● **WHAT YOU WILL DO**:
From the listing below, restate word for word the lines from the line containing "SOMETHING HUNGRY is" down through the line containing "Jalpa, Zacatecas.- Elementos". Exclude pictures.
Top of DATASET
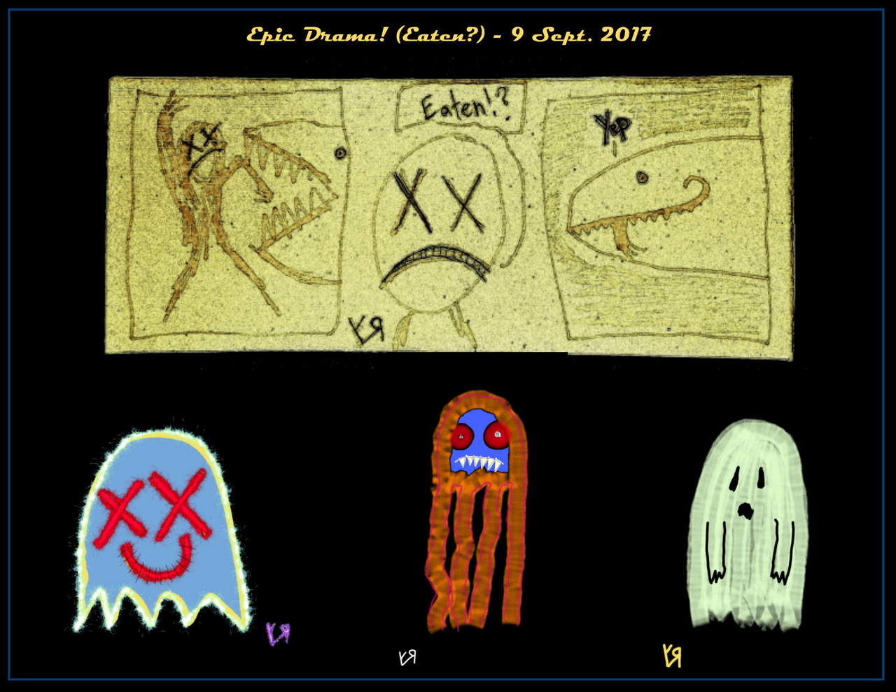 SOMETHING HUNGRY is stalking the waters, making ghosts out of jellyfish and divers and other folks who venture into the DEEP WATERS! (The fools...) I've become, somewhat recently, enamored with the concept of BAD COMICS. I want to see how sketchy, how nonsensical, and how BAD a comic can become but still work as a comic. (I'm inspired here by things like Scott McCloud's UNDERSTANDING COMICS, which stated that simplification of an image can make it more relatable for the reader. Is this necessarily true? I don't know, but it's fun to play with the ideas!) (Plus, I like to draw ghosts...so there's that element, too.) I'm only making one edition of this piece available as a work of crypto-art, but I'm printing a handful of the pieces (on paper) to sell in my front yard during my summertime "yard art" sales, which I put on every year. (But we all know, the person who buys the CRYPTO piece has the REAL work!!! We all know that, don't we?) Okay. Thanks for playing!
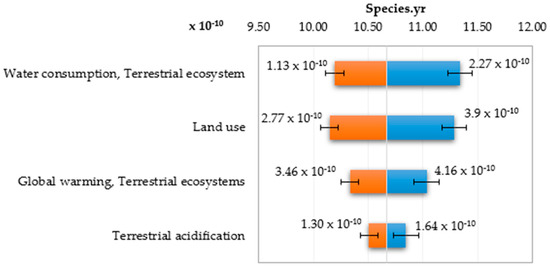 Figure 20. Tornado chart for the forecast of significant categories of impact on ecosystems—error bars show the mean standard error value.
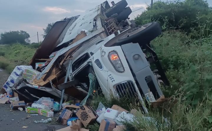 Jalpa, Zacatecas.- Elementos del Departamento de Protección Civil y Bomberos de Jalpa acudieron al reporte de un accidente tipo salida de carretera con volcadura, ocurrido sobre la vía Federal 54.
Bottom of DATASET
Top of DATASET
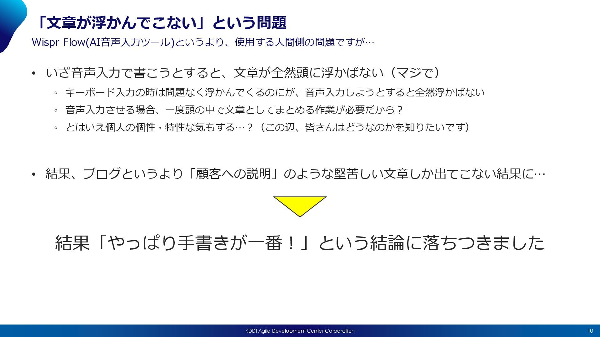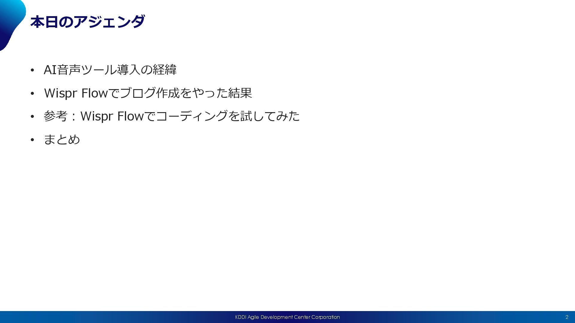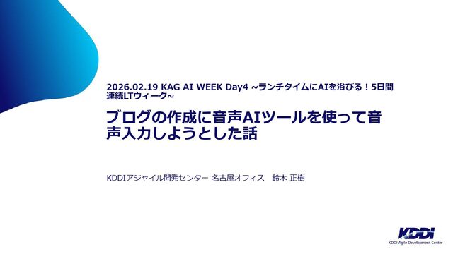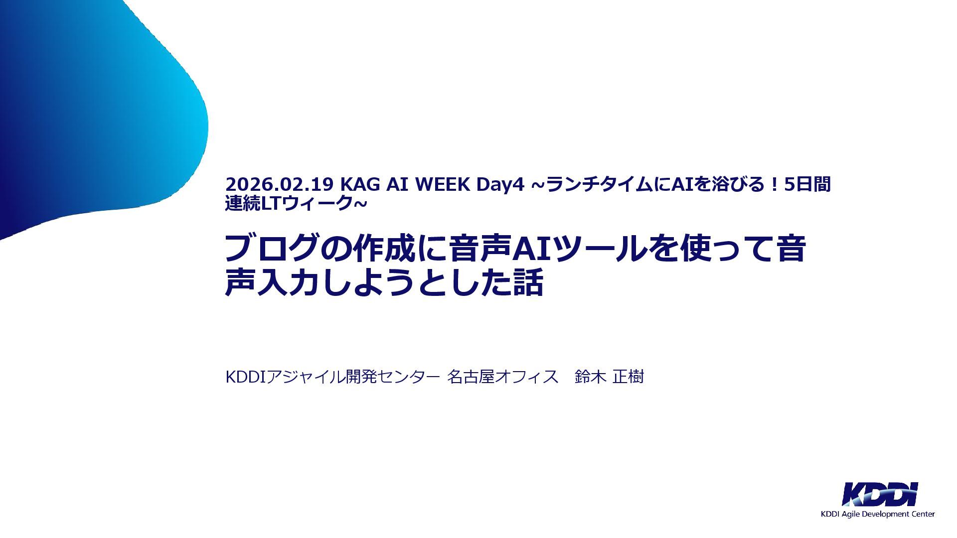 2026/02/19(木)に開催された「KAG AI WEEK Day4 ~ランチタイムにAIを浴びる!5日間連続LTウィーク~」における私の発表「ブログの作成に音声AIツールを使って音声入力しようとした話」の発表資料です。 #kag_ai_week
Bottom of DATASET
● **RESULT OF THIS TASK**:
 SOMETHING HUNGRY is stalking the waters, making ghosts out of jellyfish and divers and other folks who venture into the DEEP WATERS! (The fools...) I've become, somewhat recently, enamored with the concept of BAD COMICS. I want to see how sketchy, how nonsensical, and how BAD a comic can become but still work as a comic. (I'm inspired here by things like Scott McCloud's UNDERSTANDING COMICS, which stated that simplification of an image can make it more relatable for the reader. Is this necessarily true? I don't know, but it's fun to play with the ideas!) (Plus, I like to draw ghosts...so there's that element, too.) I'm only making one edition of this piece available as a work of crypto-art, but I'm printing a handful of the pieces (on paper) to sell in my front yard during my summertime "yard art" sales, which I put on every year. (But we all know, the person who buys the CRYPTO piece has the REAL work!!! We all know that, don't we?) Okay. Thanks for playing!
 Figure 20. Tornado chart for the forecast of significant categories of impact on ecosystems—error bars show the mean standard error value.
 Jalpa, Zacatecas.- Elementos del Departamento de Protección Civil y Bomberos de Jalpa acudieron al reporte de un accidente tipo salida de carretera con volcadura, ocurrido sobre la vía Federal 54.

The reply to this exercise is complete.